The graph of the equation x2 − xy + y2 = 9 is an ellipse. Find the lines tangent to this curve at the two points where it intersects the x-axis. Show that these lines are parallel.
x^2 - xy + y^2 = 9
2x - x dy/dx - y + 2y dy/dx = 0
dy/dx(2y - x) = y - 2x
dy/dx = (y-2x)/(2y-x)
at x-intercept: y = 0
x^2 - 0 + 0 = 9
x = ± 3
when x = 3, dy/dx = (0-6)/(0-3) = 2
equation of tangent:
y = 2(x-3)
y = 2x - 6
when x = -3 , dy/dx = (0 + 6)/(0+3) = 2
equation at (-3,0)
y = 2(x+3)
y = 2x + 6
since both lines have a slope of 2 , they are parallel
To find the lines tangent to the curve at the points where it intersects the x-axis, we first need to find the coordinates of these points.
To do this, we set y = 0 in the equation x^2 − xy + y^2 = 9 and solve for x:
x^2 − x(0) + (0)^2 = 9
x^2 = 9
Taking the square root of both sides, we get:
x = ±3
So, the curve intersects the x-axis at the points (3, 0) and (-3, 0).
Now, let's find the slope of the curve at each of these points.
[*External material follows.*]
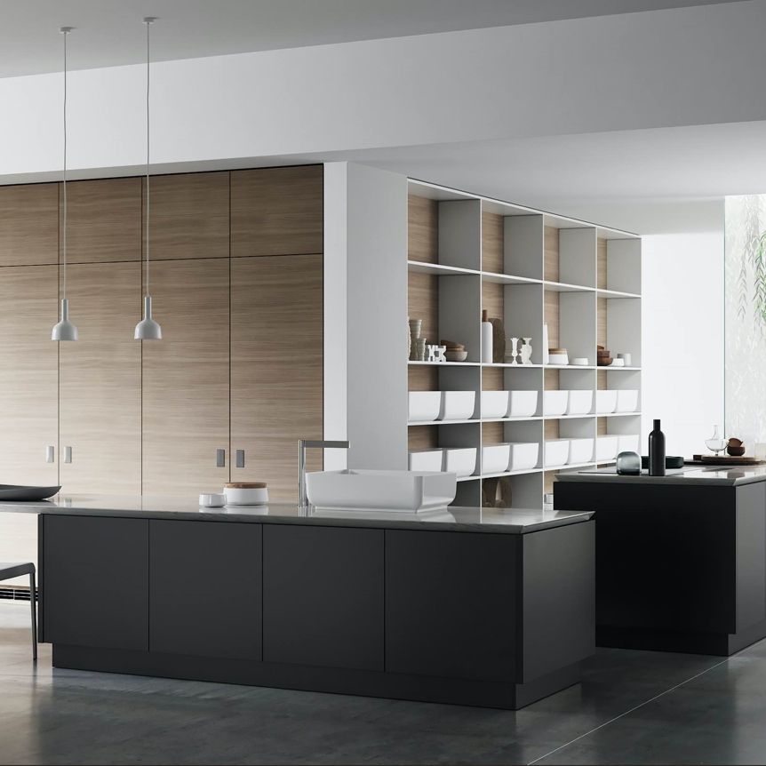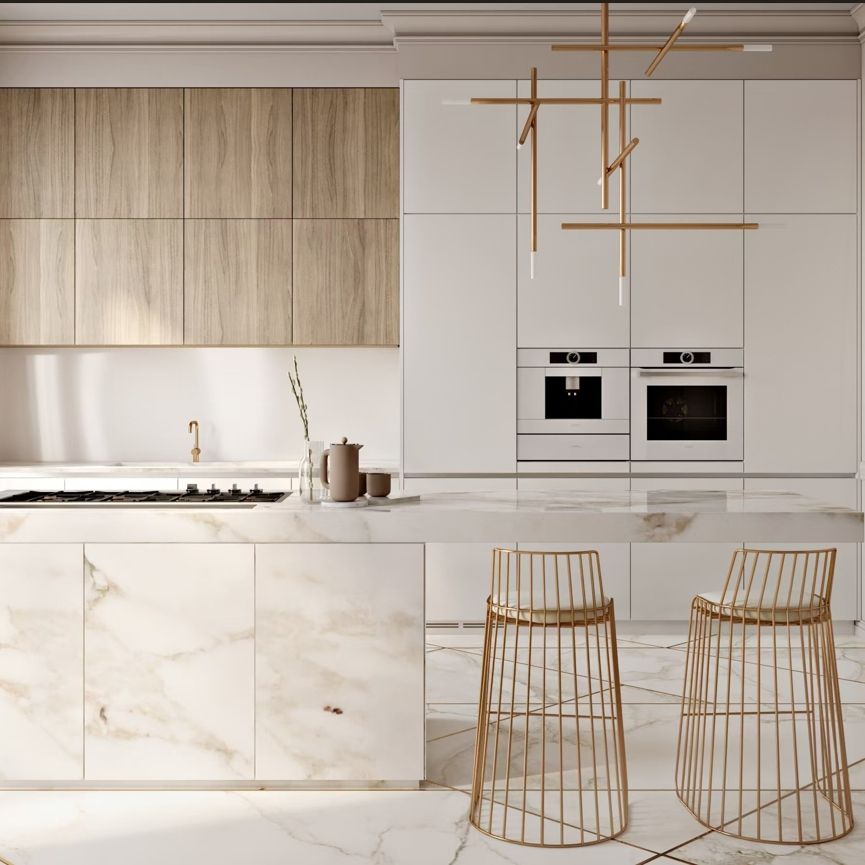 Gabinetes de Cocina Modulares Comerciales RTA de Madera Contrachapada Moderna sin Marco, Estilo Europeo, Personalizados por JY Project, con Grifo de Mármol

We differentiate the equation x^2 − xy + y^2 = 9 implicitly with respect to x:
2x - y - x(dy/dx) + 2y(dy/dx) = 0
Rearranging this equation, we get:
(dy/dx) = (2x - y) / (x - 2y)
Substituting the coordinates of the points (3, 0) and (-3, 0), we can find the slopes at these points:
At x = 3:
(dy/dx) = (2(3) - 0) / (3 - 2(0)) = 6/3 = 2
At x = -3:
(dy/dx) = (2(-3) - 0) / (-3 - 2(0)) = -6/-3 = 2
We can see that the slopes at both points are equal and hence, the lines tangent to the curve at these points are parallel.
Therefore, the lines tangent to the curve x^2 − xy + y^2 = 9 at the two points where it intersects the x-axis are parallel.
To find the lines that are tangent to the curve at the points where it intersects the x-axis, we first need to find the points of intersection.
When the curve intersects the x-axis, the y-coordinate of those points is 0. Thus, we can substitute y = 0 into the equation x^2 - xy + y^2 = 9 to solve for x.
x^2 - x(0) + (0)^2 = 9
x^2 = 9
x = ±√9
x = ±3
So, the curve intersects the x-axis at the points (-3, 0) and (3, 0).
Next, we need to find the slopes at these points. To do this, we take the derivative of the given equation implicitly with respect to x.
Differentiating x^2 - xy + y^2 = 9 with respect to x, we get:
2x - y - xy' + 2yy' = 0
Since we are interested in the slopes at the points of intersection with the x-axis, we substitute y = 0 in the derivative equation:
2x - (0) - x(0) + 2(0)y' = 0
2x = 0
x = 0
At x = 0, the slope is given by y' = -2x/(2y).
Substituting x = 0 and y = 0 into y', we find that the slope is undefined.
This means that the curve has vertical tangents at the points of intersection with the x-axis. The equations of vertical lines are of the form x = c, where c is a constant.
Hence, the lines tangent to the curve at the points (-3, 0) and (3, 0) are x = -3 and x = 3, respectively.
Since both lines have equations of the form x = c, where c is a constant, their slopes are undefined. Therefore, the lines are parallel.